Zu klären sind dabei Fragen nach Kontext, Inszenierung, Bewertung. Wann überwiegt der Sport- und Wettkampfcharakter bei Mixed-Martial-Art-Kämpfen (Ultimate Fighting Championship: ab 16) und ab wie viel harten Tritten und Schlägen gegen den Kopf des Gegners verselbständigt sich der Gewalteinsatz, wird zum Selbstzweck (UFC: ab 18)? Ist Zombiegemetzel und Überlebenskampf in Verbindung mit einer adäquaten moralischen Diskussion noch vertretbar (The Walking Dead: überwiegend ab 16), oder geraten sie ohne eine solche in den Bereich der Jugendgefährdung (Z-Nation: überwiegend ab 18, mitunter sendeunzulässig)? Präsentiert das Programm eine Art von Lust an Gewalt (Banshee: in Teilen ab 18 Jahren) oder eine Form von Lust an der Gewaltdarstellung (Kill Bill: Vol.1, ab 16 Jahren).
Doch ist eine Unterscheidung zwischen dem 16-jährigen Jugendlichen und dem 18-jährigen Erwachsenen überhaupt noch zeitgemäß und zielführend?
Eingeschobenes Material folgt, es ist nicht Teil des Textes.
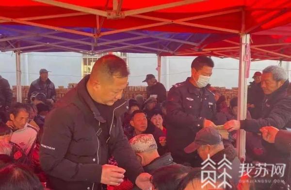 “大家注意了,短信中的中奖、退税、低价购物等‘好事’,一律不要相信......”3月23日上午,连云港灌南县孟兴庄镇老垛村老孟家正在办喜宴,派出所民警借机为其亲友及左邻右舍表演了“反诈”节目,既取得了反诈宣传效果,也为喜宴增添了欢乐气氛。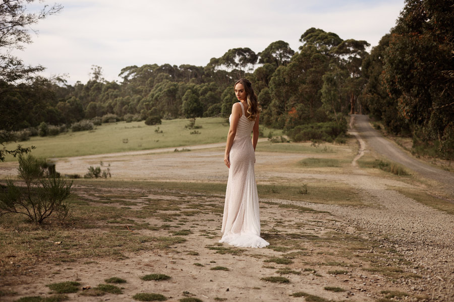 Introducing our stunning Quinn design beaded wedding gown that effortlessly blends classic elegance with modern sparkle. Available in both ivory and nude, this dress is crafted from a fabric covered in delicate, hand-sewn beads that shimmer beautifully in the light. Its sleek, fitted shape highlights your natural curves, flowing gracefully into a soft train.

Auskunft erhoffte sich die versammelte FSF-Community von Prof. Dr. Uwe Sander (Universität Bielefeld), der in seinem Vortrag „Wählen ab 16, Führerschein ab 17, Filmfreigabe ab 18 – Wann sind Heranwachsende selbstständig?“ bezüglich der Persönlichkeitsentwicklung von Jugendlichen in soziokultureller Hinsicht (Mode, Konsum, Sexualität, Musik, eigene Lebensmuster, Freizeit) auf eine „tendenzielle Verfrühung“ hinwies, im Bereich der sozialökonomischen Autonomie (Ausbildung, Ehe, Kinder, Beruf, „eigene Existenz“, richtiges Erwachsenenalter) jedoch eine „tendenzielle Verspätung“ feststellte.
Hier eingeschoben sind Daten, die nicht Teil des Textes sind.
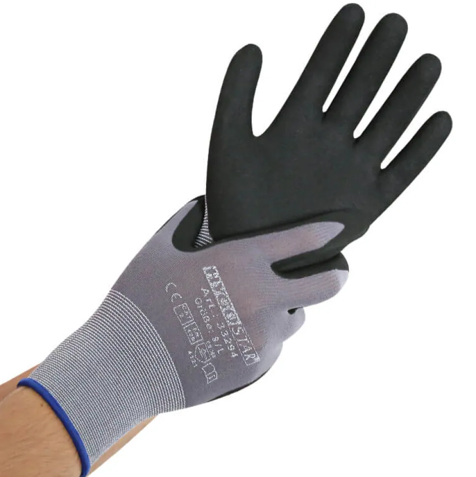 Material: Nylon-Feinstrick, 1/4 Nitril-PU-Beschichtung an Innenhand und Fingerkuppen

Da es den klassischen Jugendlichen heute nicht mehr gäbe, würden auch klassische Gesetzgebungen obsolet sein. Die Frage nach der Auflösung der Unterscheidung zwischen einer Freigabe ab 16 und 18 Jahren durch Abschaffung der 18er verneinte aber auch er, bestünde doch dann die Gefahr einer Verrückung der Nachtprogramminhalte ins Spätabendprogramm (worauf Fernsehwissenschaftler und FSF-Prüfer Prof. Dr. Lothar Mikos einwarf, dass auch die Gefahr der Vermehrung von als sendeunzulässig eingestuften Programme größer würde).
Auch wenn Sanders Ausführungen keine unmittelbaren Rückschlüsse für die FSF-Prüfpraxis zum Ziel hatten, war sein Plädoyer für das Problematisieren und Hinterfragen klassischer Jugendmedienschutzbegriffe wie Jugendaffinität, sozialethische Desorientierung, Desensibilisierung oder Gewaltästhetisierung instruktiv.
Die bewährte Form der Sichtung ausgewählter Programmbeispiele zum Thema (American Horror Story, Sons of Anarchy, The Walking Dead) mit anschließender Diskussion in simulierten Prüferrunden machte deutlich, dass die Einschätzungen sowohl der Prüfer untereinander aber auch der Sendervertreter dicht beieinander liegen. „Unsere Bewertungskriterien sind gar nicht so unklar“, resümierte Christina Heinen (FSF-Programmprüfung), und Differenzierungskompetenz ist, wenn notwendig, vorhanden.
Mit dem Hinweis, dass Medieninhalte – abgesehen von politischen Verwerfungen zu erzeugen – auch 22- oder 62-Jährige zu beeinträchtigen im Stande sind, ging die Fortbildung zu Ende. Das letzte Wort gehörte daher auch hier Bundeskanzlerin Angela Merkel, wenn auch in jungen Jahren. In einer schon allein unter Gender-Aspekten heute befremdlich anmutenden Diskussionsrunde (Explosiv – Der heiße Stuhl, 1992), musste sich die damals 38-jährige Bundesministerin für Frauen und Jugend in Fragen des Kinder- und Jugendmedienschutzes gegen eine geballte Männerrunde (Prof. Dr. Jürgen Grimm, Prof. Joachim von Gottberg, Dietrich Kuhlbrodt, Christoph Schlingensief, Wilfried Baasner) verteidigen, was selbstverständlich gelang.